Recent Developments
As reported to the SEC on April 19, 2022 in the Company's Definitive proxy statement, the board of directors of the Company unanimously approved the Business Combination Agreement, dated as of December 16, 2021 (the "Business Combination Agreement"), by and among the Company, Belgacom International Carrier Services SA/NV, a Belgian limited liability company (société anonyme) (“BICS”), Torino Holding Corp., a Delaware corporation (“TeleSign”), NAAC Holdco, Inc., a Delaware corporation (“New Holdco”), and North Atlantic Acquisition, LLC, a Delaware limited liability company and a direct wholly owned subsidiary of New Holdco (“New SPAC”). In connection with the transactions contemplated by the Business Combination Agreement (the “Business Combination”), New Holdco will be renamed “TeleSign, Inc." (see Note 1.)
On February 21, 2021, concurrently with the execution of the Business Combination Agreement, entered into separate subscription agreements (collectively, the “Subscription Agreements”) with the PIPE Investors, pursuant to which the PIPE Investors agreed to purchase, and the Company agreed that New Holdco will sell to the PIPE Investors, an aggregate of 11,698,750 shares of New Holdco Common Stock (the “PIPE Shares”) in a private placement or placements (the “Private Placements”) for an aggregate purchase price of $107,500,000. The closing of the sale of the PIPE Shares pursuant to the Subscription Agreements will take place substantially concurrently with the closing of the Business Combination and is contingent upon customary closing conditions. The purpose of the Private Placements is to raise additional capital for use by the post-combination company following the closing of the Business Combination.

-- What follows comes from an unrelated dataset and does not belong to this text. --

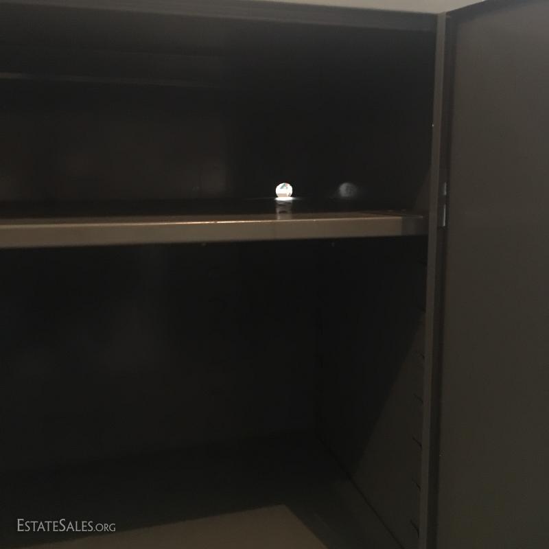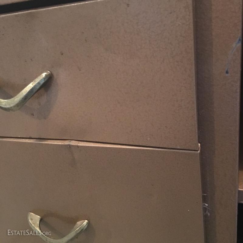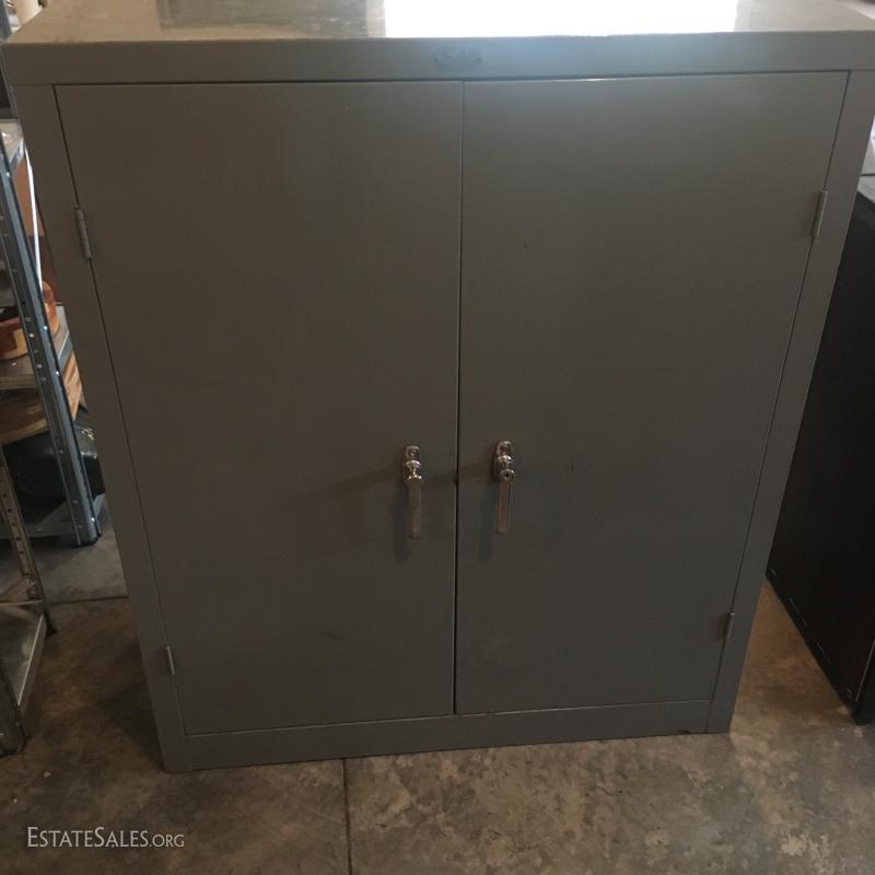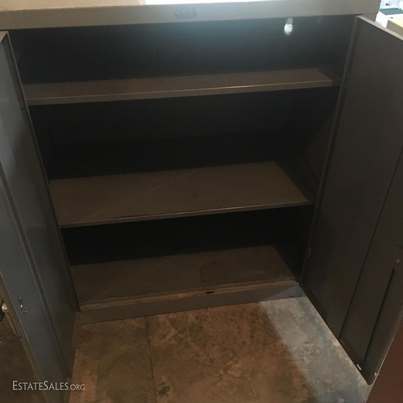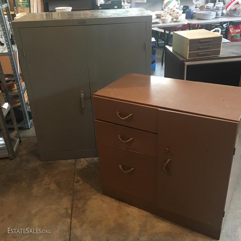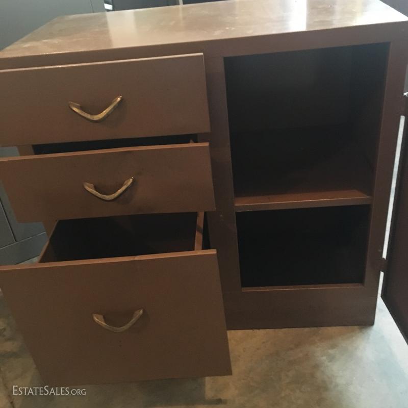 Brown metal cabinet with 3 drawers and cabinet (does lock) and a grey metal cabinet with 3 shelves and a locking door (no key).

Refer to our Prospectus, filed with the SEC on May 3, 2022 for additional information.
Results of Operations
We have neither engaged in any operations nor generated any revenues to date. Our only activities from inception to March 31, 2022 were organizational activities and those necessary to prepare for our initial public offering, described below, and, after our initial public offering, identifying a target company for an initial business combination and undergoing business combination activities. We do not expect to generate any operating revenues until after completion of our business combination. We generate non-operating income in the form of interest income on marketable securities held in our trust account and will recognize unrealized gains or losses from the changes in the fair values of our Warrants, FPA and Working Capital Loan options. We are incurring expenses as a result of being a public company (for legal, financial reporting, accounting and auditing compliance), as well as due diligence and transaction expenses.
For the three months ended March 31, 2022, we had net income of $9,123,716, driven by an unrealized gain on the change in the fair value of our warrants of $8,351,398, our forward purchase agreement of $1,416,999 and interest income on investments in our trust of $31,758, partially offset by operating costs of $676,439.
For the three months ended March 31, 2021, we had net income of $12,804,444, which consisted of interest income on marketable securities held in the trust account of $42,703, unrealized gain on the change in fair value of warrants of $11,937,300 and unrealized gain on the change in fair value of the forward purchase agreement of $1,991,274 partially offset by formation and operating costs of $308,636 and allocation of offering costs associated with warrant issuance and contingent forward purchase units of $858,197.
Liquidity and Capital Resources
On January 26, 2021, the Company consummated the initial public offering of 37,950,000 units (the “Units” and, with respect to the ordinary shares included in the Units being offered, the “Public Shares”), including 4,950,000 Units issued pursuant to the full exercise of the underwriters’ over-allotment option, at $10.00 per Unit, generating gross proceeds of $379,500,000.
Simultaneously with the closing of our initial public offering, the Company consummated the sale of 7,126,667 Private Placement Warrants (the “Private Placement Warrants”) at a price of $1.50 per Private Placement Warrant in a private placement to the Sponsor, generating total gross proceeds of $10,690,000.